С собой он носил небольшой, с солдатскую посылку, ящичек, закутанный в черную тряпку, треножник с двумя сломанными и связанными бечевкой ножками и узелок. Бывало, поставит ящичек на ровное место, пригнется к нему, замотает голову, высунется и скажет: «Смирно!» — щелкнет висюлькой, покопошится в ящике, что-то поразболтает там, и — хлоп! — на тебе, Марийка, портрет!

Бери и разглядывай себя на карточке, — такой как есть, только чуточку почернее.

— Почему, — спрашиваю его, — уважаемый господин, все выходят черные, как наш Нено Сенегалец?

— Такая теперь мода, — отвечает. — Поезжай в Крайову или в Земун — там такие же делают. Сначала выходят немножко черные, потом станут еще чернее, а под конец начнут белеть, белеть и так побелеют, что ничего не будет видно.

И смеется мне в глаза, балбес эдакий!

Первым делом он сфотографировал Колю, внука деда Данчо. Летом Колю собирался в Загорье делать черепицу, и ему понадобилась карточка для удостоверения. Усадил он Колю на стул. Сидит парнишка, но сами понимаете — пастушонок, чего он видел, — сидит, будто его подпекает снизу, вытянул шею и застыл как памятник. Наладил все фотограф и говорит: «Выше голову! Веселей смотри на меня! — Потом говорит: — Смирно!» Сосчитал до трех, щелкнул и — готово! А парнишка не встает — сидит, к стулу прирос, прямой, словно палку проглотил. Когда его стащили со стула, сердечко у него билось, как у голого птенца под крылышком, а на висках холодный пот выступил. Пришел он в себя, перевел дух и говорит:

— Чтоб ему провалиться — совсем не больно было! Я, братцы, думал, как щелкнет, так под вздох и вдарит, а оказалось, плевое дело! Тюуу!..
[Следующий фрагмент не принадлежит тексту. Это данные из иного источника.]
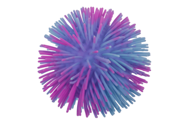 Bolden er dækket af tykke, bløde gummihår, som giver en virkelig behagelig og afslappende følelse, når man rører ved den. De elastiske hår bevæger sig let, når man trykker eller jonglerer bolden, hvilket giver en skøn sensorisk oplevelse. Den indbyggede hank gør det muligt at holde, svinge eller “jonglere” bolden i håndfladen, hvilket giver endnu flere måder at lege på.

Потом фотограф снимал деда Гичо Странкина со всеми дочерьми, зятьями, сыновьями и ребятишками. Как собрались домочадцы — весь двор заполонили, будто на свадьбе! И он каждому дал по карточке, но людей собралось так много, что вышли они крохотные, крохотные, как булавочные головки, хоть в артиллерийскую трубу разглядывай. Только деда Гичо можно было издалека узнать по белой бороде. И писарь снялся с женой и сыном, но когда фотограф закутал голову в черный платок, мальчонка так разревелся, что никак его утихомирить не могли. Так и вышел с разинутым ртом — людям на смех! Зря старался отец, а еще цепочку ему повесил для фасона, будто он с часами!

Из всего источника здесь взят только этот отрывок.